I am used to have some "answers" for things, as I see them, and in this case I am at a loss. One thing we can say, is that policies are created based on what people choose to believe, and policies have consequences. Whether the people understand, accept and face up to the consequences of such things as climate science denial, or gun policy, or trickle-down, borrow-and-spend economics, remains to be seen. But we cannot escape the consequences of our decisions.
It can be as horrid as Holocaust denial (the ultimate Big Lie unless someone tries to deny the Atlantic slave trade) to potentially harmful (like anti-vaxxer stuff) and simply cranky (claiming that the Moon landings were faked in a Hollywood soundstage). Then of course is the ultimate conspiracy story of 9/11 as an inside plot or the canard that Barack Obama was not born in the USA. Even with a little more than one month left in the term of Barack Obama as President, some people proclaim the canard as hard as ever.

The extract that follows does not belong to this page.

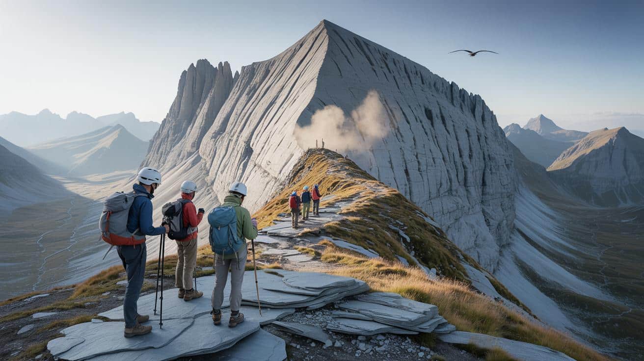 Unterhalb der Gipfelpyramide sortieren Menschen ihre Stöcke, ziehen Riemen fest, schauen hinauf zu dieser hellen Narbe im Fels, die sich wie eine Frage durch den Berg zieht. „Manche wollen einfach nochmal hoch, bevor der große Berg endgültig auseinanderfällt“, sagt ein Mann mit grauem Bart, als würde er eine alte Geschichte erzählen. Der Wind roch nach Stein und kaltem Eisen. Im Tal unten glitzern Dächer. Oben klirrt lose Platte unter den Stiefeln. Ein Reiher kreist wie ein langsamer Gedanke. Dann wird es still, als die ersten in die Flanke eintreten. Und alle schauen zur Risskante.

Some people hold ideological doctrine as the ultimate truth... thus the fraudulent contention that guns make people safer, the denial of climate change, and the endorsement of trickle-down and borrow-and-spend economics. When such people have total power, consequences can be horrible... and people must find the truth the hard way.
The ideal subject of totalitarian rule is not the convinced Nazi or the dedicated Communist but instead the people for whom the distinction between fact and fiction, true and false, no longer exists -- Hannah Arendt.